- [YOUR OBJECTIVE] Leave the pictures out. Retype exactly the lines below from the one containing "Velkým benefitem je" through the one containing "Sunday will be", and no others.

- [PROVIDED INFORMATION]
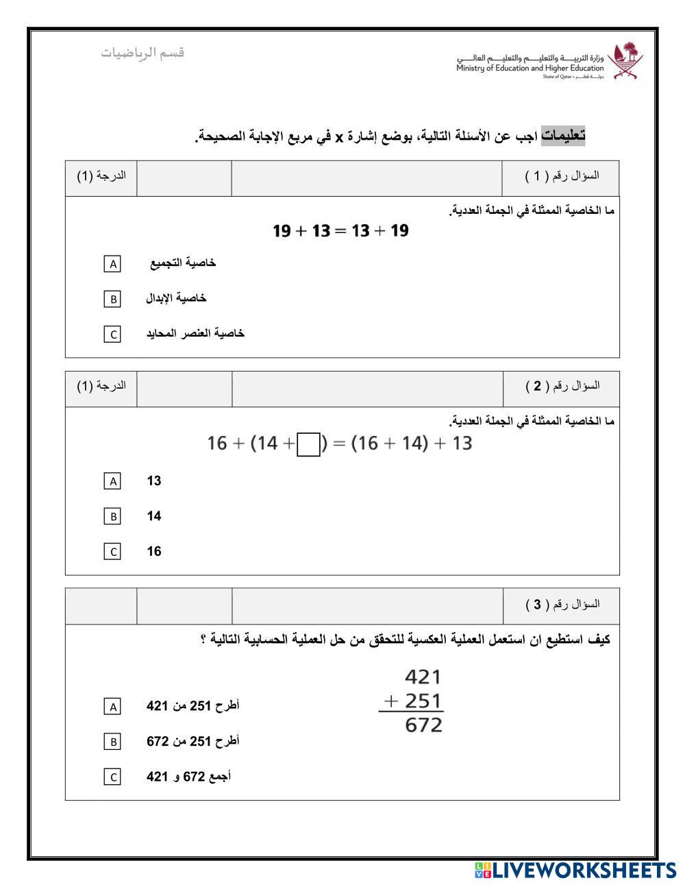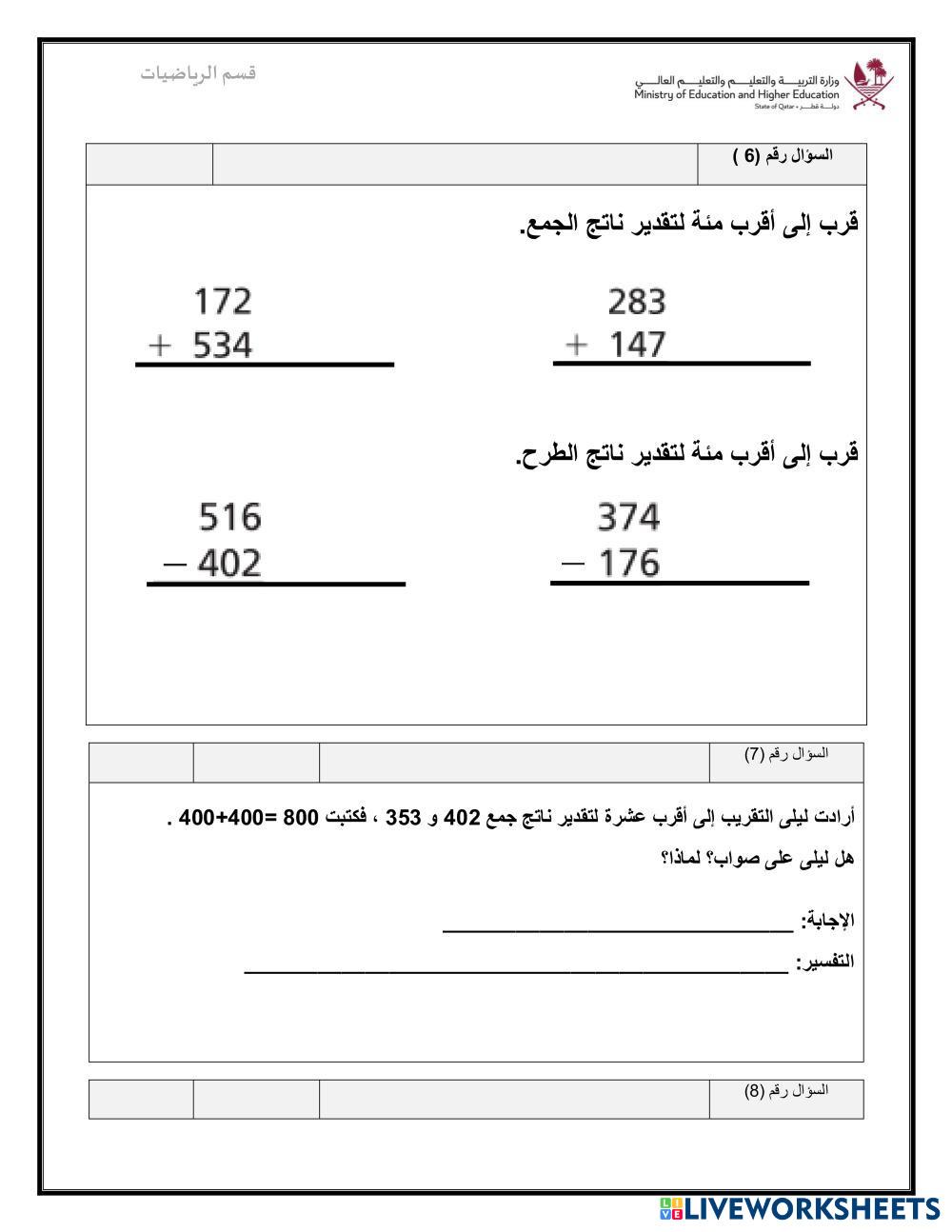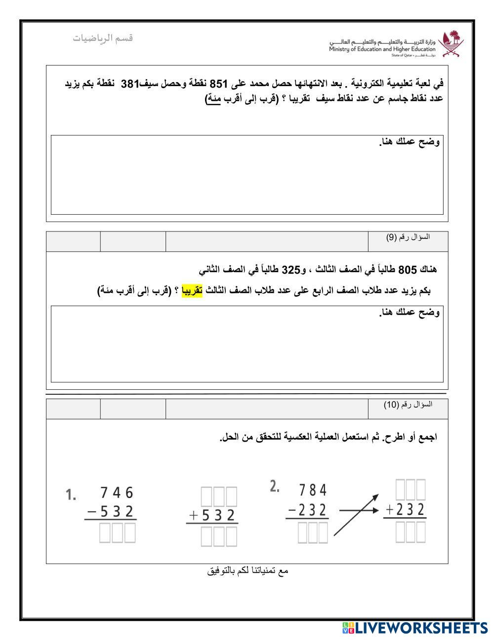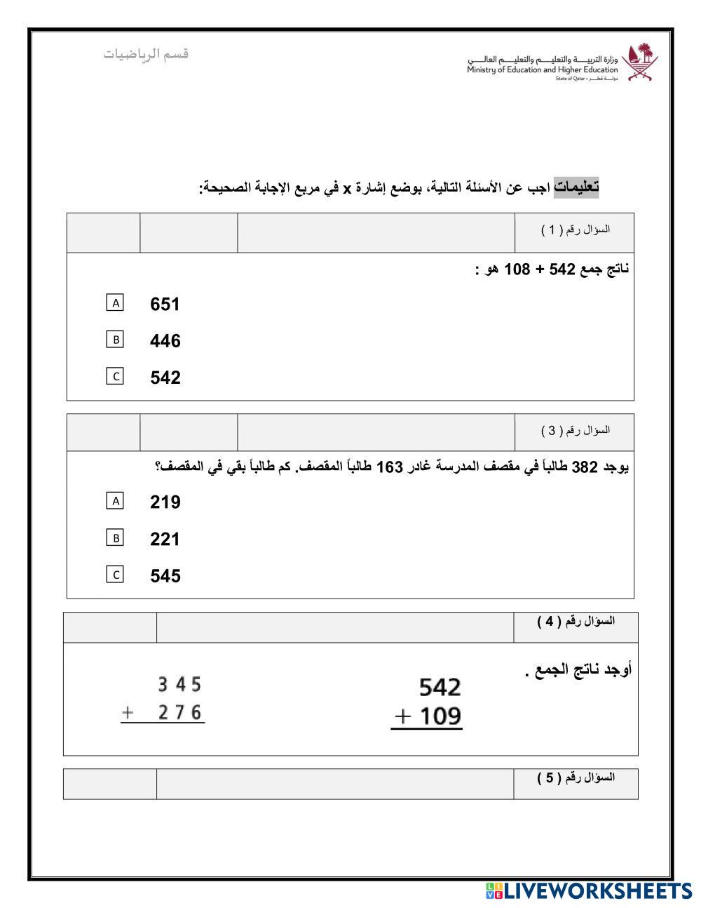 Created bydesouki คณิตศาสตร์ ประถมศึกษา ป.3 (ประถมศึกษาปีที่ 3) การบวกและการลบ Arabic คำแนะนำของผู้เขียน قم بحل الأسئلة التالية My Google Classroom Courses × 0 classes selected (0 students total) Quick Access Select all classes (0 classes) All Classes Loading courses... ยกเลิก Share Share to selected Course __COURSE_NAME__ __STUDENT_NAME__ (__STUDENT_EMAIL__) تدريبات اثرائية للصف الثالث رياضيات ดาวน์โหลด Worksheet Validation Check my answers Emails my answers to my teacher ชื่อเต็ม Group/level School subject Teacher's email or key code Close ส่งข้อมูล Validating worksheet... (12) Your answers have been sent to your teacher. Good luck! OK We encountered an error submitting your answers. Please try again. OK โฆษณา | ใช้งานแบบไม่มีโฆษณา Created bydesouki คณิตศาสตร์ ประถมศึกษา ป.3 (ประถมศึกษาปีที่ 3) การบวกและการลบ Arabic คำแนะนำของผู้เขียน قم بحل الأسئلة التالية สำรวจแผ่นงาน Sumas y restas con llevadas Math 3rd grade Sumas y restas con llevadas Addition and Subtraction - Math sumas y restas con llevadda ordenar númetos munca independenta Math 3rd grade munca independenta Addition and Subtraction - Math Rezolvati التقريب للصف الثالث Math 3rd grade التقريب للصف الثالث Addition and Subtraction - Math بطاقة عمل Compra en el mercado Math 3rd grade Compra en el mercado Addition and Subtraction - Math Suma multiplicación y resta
* * *
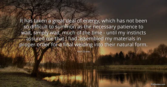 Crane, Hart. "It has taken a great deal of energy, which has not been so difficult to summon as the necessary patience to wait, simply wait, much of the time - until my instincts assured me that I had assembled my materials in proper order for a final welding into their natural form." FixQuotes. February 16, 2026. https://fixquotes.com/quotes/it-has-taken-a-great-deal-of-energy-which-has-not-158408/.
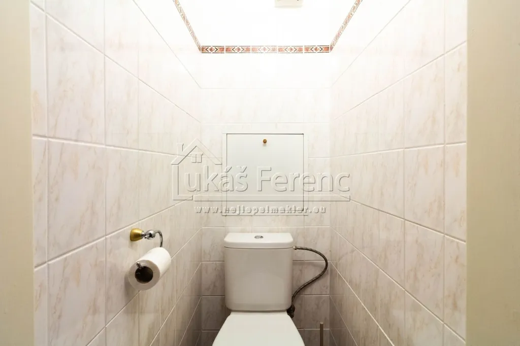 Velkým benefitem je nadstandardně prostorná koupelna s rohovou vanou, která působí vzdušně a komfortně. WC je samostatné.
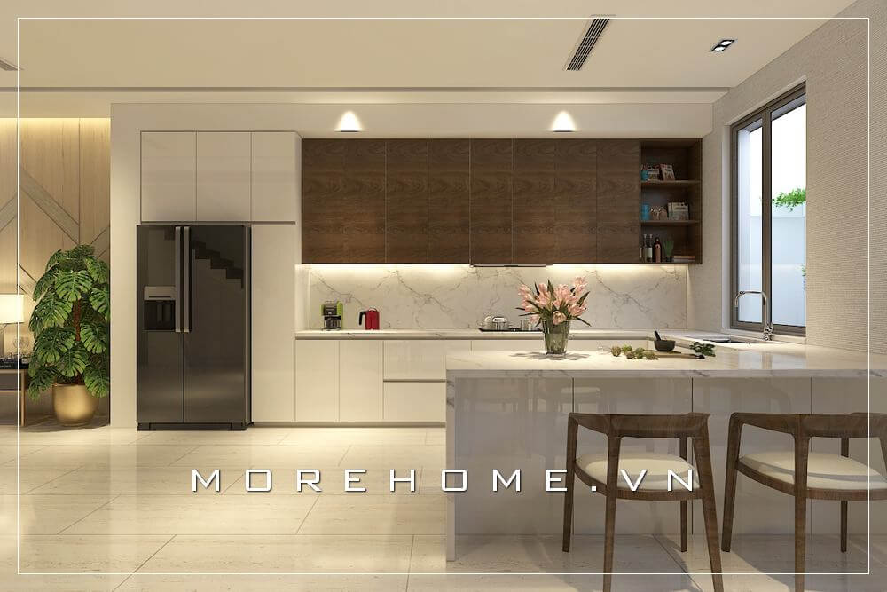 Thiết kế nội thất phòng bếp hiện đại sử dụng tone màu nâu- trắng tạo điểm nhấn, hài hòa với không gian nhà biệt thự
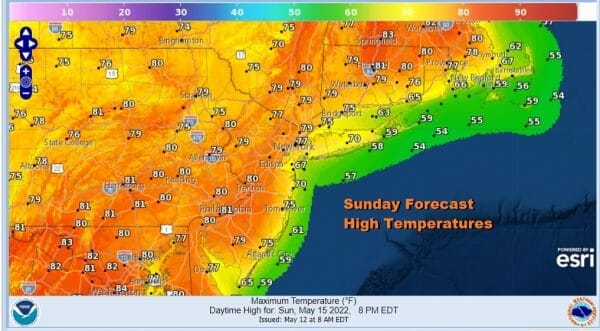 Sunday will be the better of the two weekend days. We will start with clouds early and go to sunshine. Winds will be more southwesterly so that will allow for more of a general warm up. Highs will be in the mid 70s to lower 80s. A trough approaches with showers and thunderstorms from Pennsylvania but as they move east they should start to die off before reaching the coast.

- [REPLY TO THE EXERCISE]
 Velkým benefitem je nadstandardně prostorná koupelna s rohovou vanou, která působí vzdušně a komfortně. WC je samostatné.
 Thiết kế nội thất phòng bếp hiện đại sử dụng tone màu nâu- trắng tạo điểm nhấn, hài hòa với không gian nhà biệt thự
 Sunday will be the better of the two weekend days. We will start with clouds early and go to sunshine. Winds will be more southwesterly so that will allow for more of a general warm up. Highs will be in the mid 70s to lower 80s. A trough approaches with showers and thunderstorms from Pennsylvania but as they move east they should start to die off before reaching the coast.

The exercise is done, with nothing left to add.